八雲紫がこちらに接触してきてから二週間と経たずに、彼女は妖怪達の合間に噂を流した。狡猾なのはその噂が知性の低い低級の妖怪にのみ伝わるようにしていた点、知性のある相手には割に合わない相手。そう思わせているところだ。

その間に私はと言えば、妹紅の遊び相手をやってたり、輝夜の相談相手になったり月のことで色々と話し合ったり。かと思えば、妖怪として暴れたり暴れなかったり色々とやっていた気がする。

 

 

そんなこんなで輝夜が言っていた使者が来る日まで残すところ4日となった。

 

 

 

既に人間も妖怪も大騒ぎです。

都なんてもはや業務が滞りつつある。月からの使者なんてお祭り騒ぎにならない方がどうかしていますし、御門と庫持皇子は兵を集めて輝夜を守る気満々ですし。

そうでなくても野次馬根性働かせている人の多い事なんの。

 

そんな状態だけれど、あまり都で何かしていると怪しまれてしまうので最近は猫又達と家にこもっている。

 

妖怪の方もかなりの数が都の周辺に集まり出しているせいで陰陽師も警戒していますからね。

 

 

ただ、猫又もルーミアも月の使者に興味津々だった。

どうやら紫に吹き込まれたらしい。

私はそのつもりではなかったのですが、こうなってしまっては私から二人を誘わないと知らないうちに巻き込まれてしまう可能性が出てきてしまった。

 

 

私に出来る事は限られていますしルーミアさんみたいに強いわけでもない。

そんな私が自身よりこの子達のことを心配してしまうっていうのも変な話なんですけどね。

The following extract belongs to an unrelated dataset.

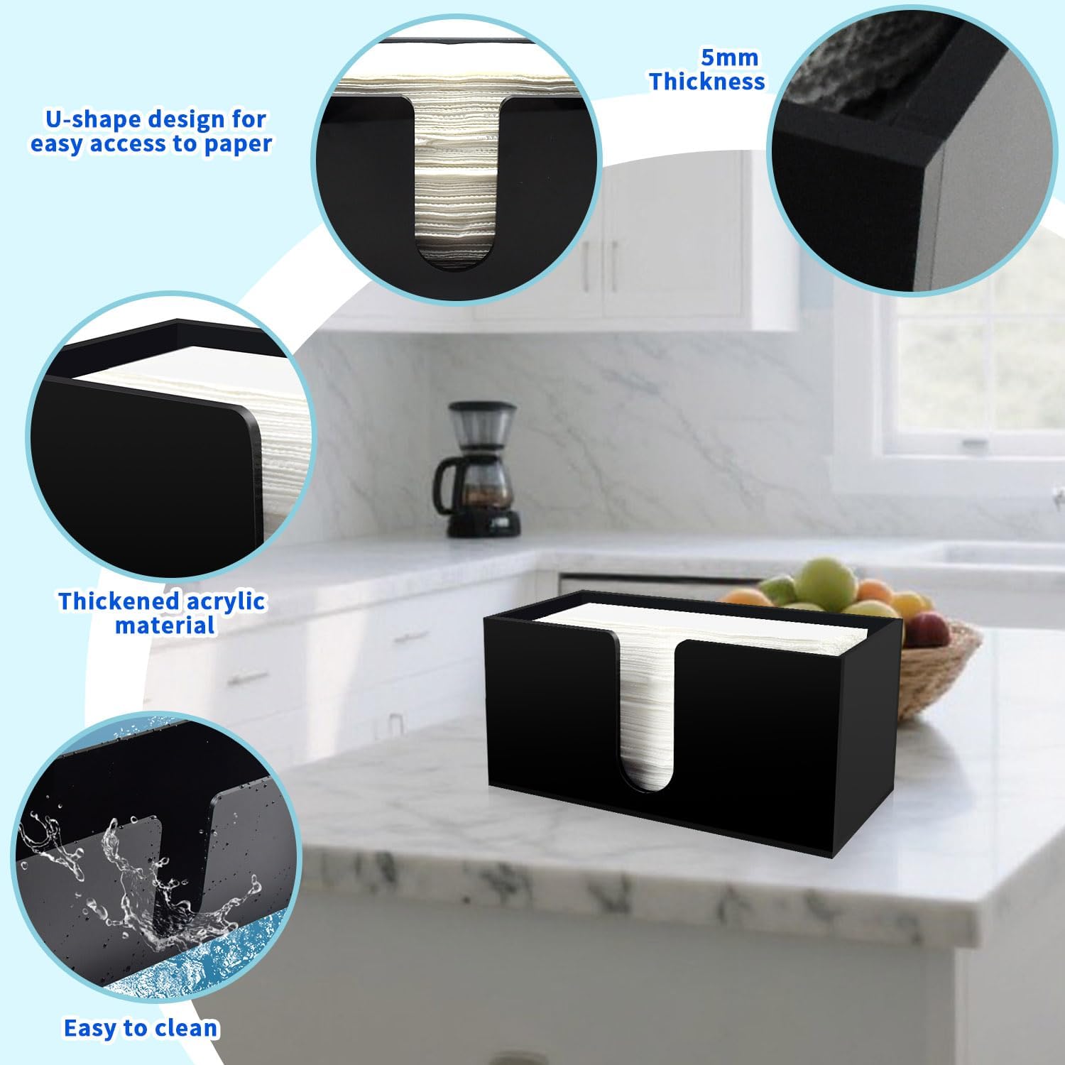 Paper Towel Holder for Countertop,Black Acrylic Napkin Dispenser-Multifold/C-Fold/Z-Fold Trifold Paper Towel Dispenser for Bathroom Kitchen Restaurant Toilet - Durable 5mm Thick(4)

そう言うわけで、私が集められる戦力はなんだかんだ揃った。

 

 

 

 

 

そうして、満月の夜がやってきた。

 

 

 

 

 

輝夜が月からの迎えを予定通りにカミングアウトしたおかげで屋敷の周りは凄いことになっていた。

私達もまたその大挙する群衆に紛れ込んでいた。

ルーミアはそういうのが苦手だからと闇に溶け込んでいた。彼女はただ月の人間の肉を食べたいだけなのだろう。

 

 

 

 

「ところで、最近妖怪の合間に広がってる噂なんだけど…輝夜姫を月の迎えから奪った奴は輝夜姫の全てが貰えるって…」

 

「ああそれ、この前来ていた隙間妖怪に頼んで私が流させました」

 

「やっぱり……」

 

落胆したように腕の中で猫又がうなだれた。

だってなるべく戦力は多い方が良いじゃないですか。大体猫又は一体何を期待していたんですかね。

 

 

「それで、あたいらはどうするの?」

 

「私の合図で輝夜を回収します。後は森に逃げ込んで追手を撒くのと、月の使者にいる輝夜親協力者との合流です」

 

「なるほどね、詳しくは……」

 

「そこは高度な柔軟性と臨機応変な対応で」

 

「行き当たりばったりね」

 

「物は言いようですよ」

 

ふと群衆の中に見知った顔を見つけた。庫持皇子だ。貴族らしく周囲には付き人がいる。そして本人も含めて全員が武装していた。そういえば庫持皇子はこの時代の貴族では珍しく騎馬兵出身の貴族家系で鎌倉武士よろしく根は戦闘民族でしたね。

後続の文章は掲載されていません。